Mein Handy, welches ich auf dem kleinen Hocker neben der Badewanne deponiert habe, vibriert kurz. Ich hebe es auf und sehe eine Nachricht von Sebastian.

> Schon zu Hause? <

> Ja, gerade gekommen. Hast du am Wochenende schon was vor? <

Prompt kommt auch schon die Antwort.

> Nein. Vorschläge? <

> Eine Nacht in Rosenheim? Mit einem Abstecher zu einem Festival? <

Nachdem er fünf Minuten später immer noch nicht geantwortet hat, versuche ich Wincent anzurufen, um die Sache schonmal zu erwähnen. Immerhin muss er mir dann auch zwei Eintrittkarten besorgen. Doch er nimmt nicht ab. Das kommt häufig vor. 
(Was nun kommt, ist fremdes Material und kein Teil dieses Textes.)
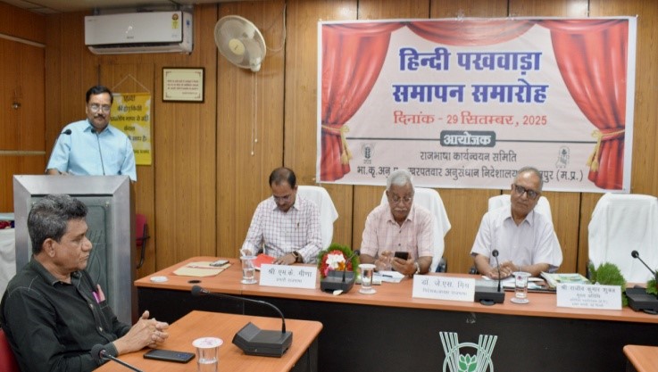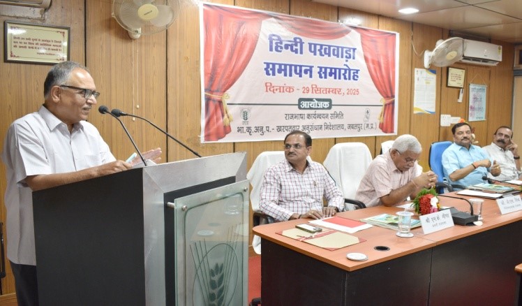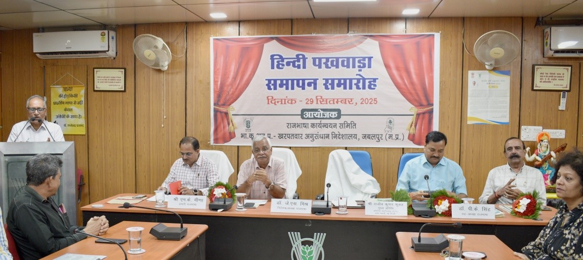 भा.कृ.अनु.प.-खरपतवार अनुसंधान निदेशालय, जबलपुर में हिन्दी पखवाड़ा दिनांक 15-29 सितंबर, 2025 तक आयोजित किया गया। हिन्दी पखवाडा़ के समापन एवं पुरस्कार वितरण समारोह में मुख्य अतिथि श्री राजीव कुमार शुक्ल, अतिरिक्त महानिदेशक (से.नि.), प्रसार भारती, नई दिल्ली उपस्थित रहे। कार्यक्रम का उद्घाटन मुख्य अतिथि श्री राजीव कुमार शुक्ल, निदेशालय के निदेशक डॉ. जे.एस. मिश्र, डॉ. पी.के. सिंह प्रधान वैज्ञानिक/सह-अध्यक्ष राजभाषा एवं श्री एम.के. मीणा, प्रभारी राजभाषा द्वारा किया गया। हिन्दी पखवाड़े के दौरान राजभाषा के प्रति जागरूकता फैलाने हेतु निदेशालय में विभिन्न प्रतियोगिताओं का आयोजन किया गया जिनमें आलेखन एवं टिप्पण, तात्कालिक निबंध लेखन, हिन्दी शुद्धलेखन, कम्प्यूटर में यूनिकोड पर टाइपिंग, अंताक्षरी, प्रश्नमंच एवं वाद-विवाद प्रतियोगिताएं प्रमुख थी।

Fünfzehn Minuten später steige ich aus der Wanne und trockne meine schrumpelige Haut ab. Ich öffne mein langes Haar und schüttle es, sodass es locker über die Schultern fällt. Dann wickle ich mir ein Handtuch um meinen Körper und tapse hinüber ins Zimmer. 

In dem Moment ruft Wincent zurück.

"Hi.", hebe ich ab.

"Hey. Na? Was gibt's?"

Dass er sofort fragt, was anliegt, zeigt mir, dass er nicht viel Zeit hat. Er will gleich wissen, ob es etwas Wichtiges ist oder wir das Gespräch verschieben können.

"Ich wollte nur ankündigen, dass ich vorhabe am Wochenende nach Rosenheim zu kommen."

"Wirklich? Ja, cool! Das freut mich. Wir haben uns schon viel zu lange nicht mehr gesehen."

Das stimmt. Unser letztes Treffen ist schon wieder zwei Monate her. Damals war er das ganze Wochenende bei mir in München. Nachdem wir den ersten Abend nur noch auf der Couch verbracht hatten, traf er sich am Samstag mit ein paar alten Freunden ohne mich. Am Abend sind wir in einen Club gegangen und den ganzen Sonntag über haben wir dann mein Appartment nicht mehr verlassen. 

"Ja, stimmt. Kannst du zwei Karten organisieren?"

"Zwei? Kommt Sami mit?"

Ich höre in seinem Unterton, dass er nicht sehr erfreut darüber wäre. Ich habe ihm nie davon erzählt, wie Samira über unsere Beziehung denkt, aber er mochte sie von Anfang an nicht besonders. Sie arrangieren sich miteinander. Sie kommen miteinander aus, wenn wir mal gemeinsam unterwegs sind, das war es aber auch. 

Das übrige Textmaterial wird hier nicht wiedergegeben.